Commandline arguments for dataset selection criteria

Dataset selection criteria are used to define a set of datasets to be exported by ebas_extract.

--do_id=DO_ID

Selection by download id (set of datasets to be downloaded. Normally specified by EBAS Web when using ebas_extract as a back-end for the web download.

Optional, Default: None

-k, --setkey=SETKEY

Selection by dataset setkey.

This argument requires an argument value SETKEY. SETKEY can be a single setkey, a range of stekeys (SETKEY1-SETKEY2), or a list of setkeys (SETKEY1,SETKEY2,…).

Note

Make sure there are no blank characters in the argument value (not even after the commas or around the hyphens)!

Otherwise, the argument parser assumes that the next argument starts after a blank character and an error will occur.

Optional, Default: None

-s, --station=STATION_CODE

Selection by station code.

This argument requires an argument value STATION_CODE. STATION_CODE can be a single station code or a list of station codes (STATION_CODE1,STATION_CODE2,…). In addition, each station code can be specified exactly (full station code, e.g. NO0002R), partly without station type (e.g. NO0002) or partly with only the country code part (e.g. NO, which matches all Norwegian stations).

Note

Make sure there are no blank characters in the argument value (not even after the commas)!

Otherwise, the argument parser assumes that the next argument starts after a blank character and an error will occur.

Examples:

Select all datasets from the station which station codes is NO0001R:

--station NO0001R

Same, but you can’t remember the station type of the station:

--station NO0001

Select all datasets from stations which station codes are in NO0001R, NO0002R and NO0042G:

--station NO0001R,NO0002R,NO0042G

Same, but you can’t remember the station types of those 3 stations:

--station NO0001,NO0002,NO0042

Select all datasets from Norwegian and Austrian stations:

--station NO,AT

Optional, Default: None

-p, --project=PROJECT

Selection by project acronym.

This argument requires an argument value PROJECT. PROJECT can be a single project acronym or a list of project acronyms (PROJECT1,PROJECT2,…).

Note

Make sure there are no blank characters in the argument value (not even after the commas)!

Otherwise, the argument parser assumes that the next argument starts after a blank character and an error will occur.

Optional, Default: None

-i, --instrument=INSTRUMENT

Selection by instrument type.

This argument requires an argument value INSTRUMENT. INSTRUMENT can be a single instrument type or a list of instrument types (INSTRUMENT1,INSTRUMENT2,…).

Note

Make sure there are no blank characters in the argument value (not even after the commas)!

Otherwise, the argument parser assumes that the next argument starts after a blank character and an error will occur.

Optional, Default: None

-c, --component=COMPONENT

Selection by component name.

New in version 3.01.00: Strict synonyms can be used instead of component names.
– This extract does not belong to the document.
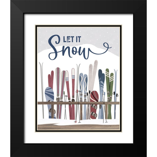 Winter Mountain Getaway portrait V-Let it Snow Black Modern Wood Framed Art Print with Double Matting by Tara Reed

Lookup names, as a special case of strict synonyms, may be used case insensitively, but only if there are not conflicts with other component names and synonyms. E.g.:

  • --component mg will find the componnet name magnesium
  • --component co will throw an error message (may be the synonym Co for component cobalt or synonym CO for component carbon_monoxide)
  • --component Co and --component CO will still work as expected.
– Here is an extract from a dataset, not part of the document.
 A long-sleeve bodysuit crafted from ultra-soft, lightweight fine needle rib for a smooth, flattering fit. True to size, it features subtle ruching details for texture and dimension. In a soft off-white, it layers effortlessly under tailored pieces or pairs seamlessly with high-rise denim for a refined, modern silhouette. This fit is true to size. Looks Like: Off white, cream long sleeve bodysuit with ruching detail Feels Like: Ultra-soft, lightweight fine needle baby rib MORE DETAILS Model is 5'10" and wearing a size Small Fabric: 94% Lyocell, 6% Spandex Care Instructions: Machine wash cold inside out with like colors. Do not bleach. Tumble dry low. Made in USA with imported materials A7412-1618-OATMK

This argument requires an argument value COMPONET. COMPONENT can be a single component name or a list of component names (COMPONENT1,COMPONENT2,…).

Note

Make sure there are no blank characters in the argument value (not even after the commas)!

Otherwise, the argument parser assumes that the next argument starts after a blank character and an error will occur.

Optional, Default: None

-m, --matrix=MATRIX

Selection by matrix name.

This argument requires an argument value MATRIX. MATRIX can be a single matrix name or a list of matrix names (MATRIX1,MATRIX2,…).

Note

Make sure there are no blank characters in the argument value (not even after the commas)!

Otherwise, the argument parser assumes that the next argument starts after a blank character and an error will occur.

Optional, Default: None

-g, --group=GROUP

Selection by parameter group.

This argument requires an argument value GROUP. GROUP can be a single parameter group or a list of parameter groups (GROUP1,GROUP2,…).

Note

Make sure there are no blank characters in the argument value (not even after the commas)!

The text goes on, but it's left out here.